The movement also provided the spark for the unexpected opposition in the New York City Council. Lawmakers who did not support the proclamation said they demurred because the End Jew Hatred Movement, while run by people who say they “set aside politics and ideology,” has been associated with right-wing Jewish activists.
End Jew Hatred doesn’t publicize much about its structure or funding. It is not a registered nonprofit organization, and would not tell the New York Jewish Week its annual budget or how it receives donations.
Its backers call it an unapologetic voice that’s fighting a growing problem, antisemitism, while its critics say it is an attempt to inject hawkish rhetoric into a national effort to combat anti-Jewish persecution. Amid that debate, the movement’s growth, and its successful spearheading of resolutions nationwide, show how an initiative founded by conservative activists has wielded influence in the conversation about antisemitism, even in liberal political spaces.
Here’s what we know about End Jew Hatred, how it’s establishing itself in New York City and beyond, and why its activities are drawing backlash.
A movement founded in the politics of 2020
Founded in New York City near the beginning of the pandemic, End Jew Hatred first drew local attention in October 2020, when it organized a rally in front of the New York Public Library protesting the way its activists said New York City Mayor Bill De Blasio and New York Gov. Andrew Cuomo were unfairly targeting Orthodox New Yorkers with public health restrictions.

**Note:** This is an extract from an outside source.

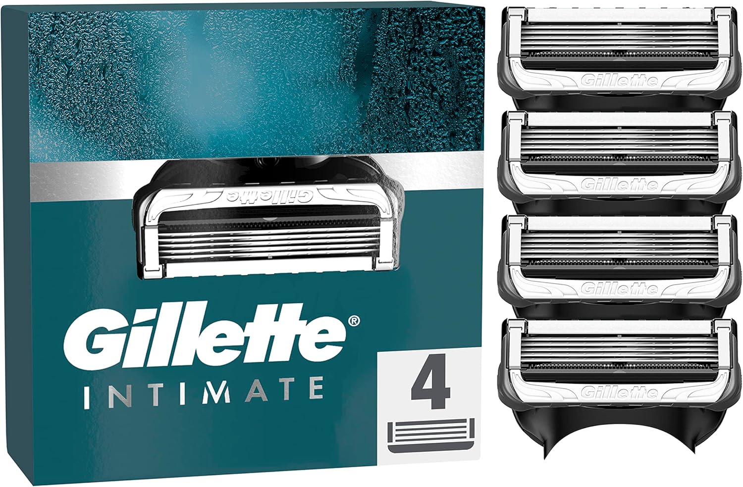 Gillette Intimate Rasierklingen für den Intimbereich, 4 Intimrasierer Ersatzklingen für Nassrasierer mit Gleitstreifen für eine sanfte Anwendung, dermatologisch getestete Klingen für Rasierer Schwarz 1 stück (4er Pack) | قیمت یورویی 19.79€

Haredi New Yorkers and their backers railed against the city’s regulations that year, and claimed that policies limiting group prayer and other religious ceremonies were selectively enforced against their communities.
“Never in my life did I think I would see this type of blatant Jew-hatred from our public officials,” Brooke Goldstein, who founded End Jew Hatred, said at the rally, which drew dozens of protesters. “Singling out New York Jews for blame in the coronavirus spread is unconscionable and discriminatory.”
But while the movement’s first significant action concerned the pandemic, a spokesman for End Jew Hatred said it was inspired by another seismic event that took place in 2020: the racial justice protests and the growth of the Black Lives Matter movement.
“How can we replicate this for the Jewish people?” said Gerard Filitti, senior counsel for the organization Goldstein directs, the Lawfare Project, describing End Jew Hatred’s genesis. “We saw antisemitism shoot up during the pandemic. So it was kind of the right time to launch this idea.”
Since then, in addition to spearheading the proclamations, the initiative has continued holding rallies, protesting the United Nations Relief and Works Agency, which aids Palestinian refugees, for “promoting Jew hatred”; speaking out against antisemitism in Berlin, Toronto and other cities around the globe; and, earlier this year, opposing a reported plea bargain for the men who assaulted Joseph Borgen while he was en route to a pro-Israel rally in May 2021. It was also a signatory on a letter to Manhattan District Attorney Alvin Bragg protesting the plea deal, and members of the movement showed up to the alleged attackers’ court hearing.
Nearly three years after its launch, the movement remains opaque about its structure, declining to share any financial information or elaborate on its relationship to the Lawfare Project, which bills itself as an “international pro-Israel litigation fund.” In a brief statement to the New York Jewish Week, a spokesperson for End Jew Hatred said the organization accepts donations from local community members and support from like-minded nonprofit groups, though he declined to detail how those donations were processed.
“Our network of activists spans the globe, from New York City to Los Angeles, from Toronto to Berlin,” he said. “Also, the movement is supported by people from all walks of life who donate both their time and money to make the movement a success. Activists are encouraged to fundraise within their community, and some actions have been supported by organizations that have taken part in them.”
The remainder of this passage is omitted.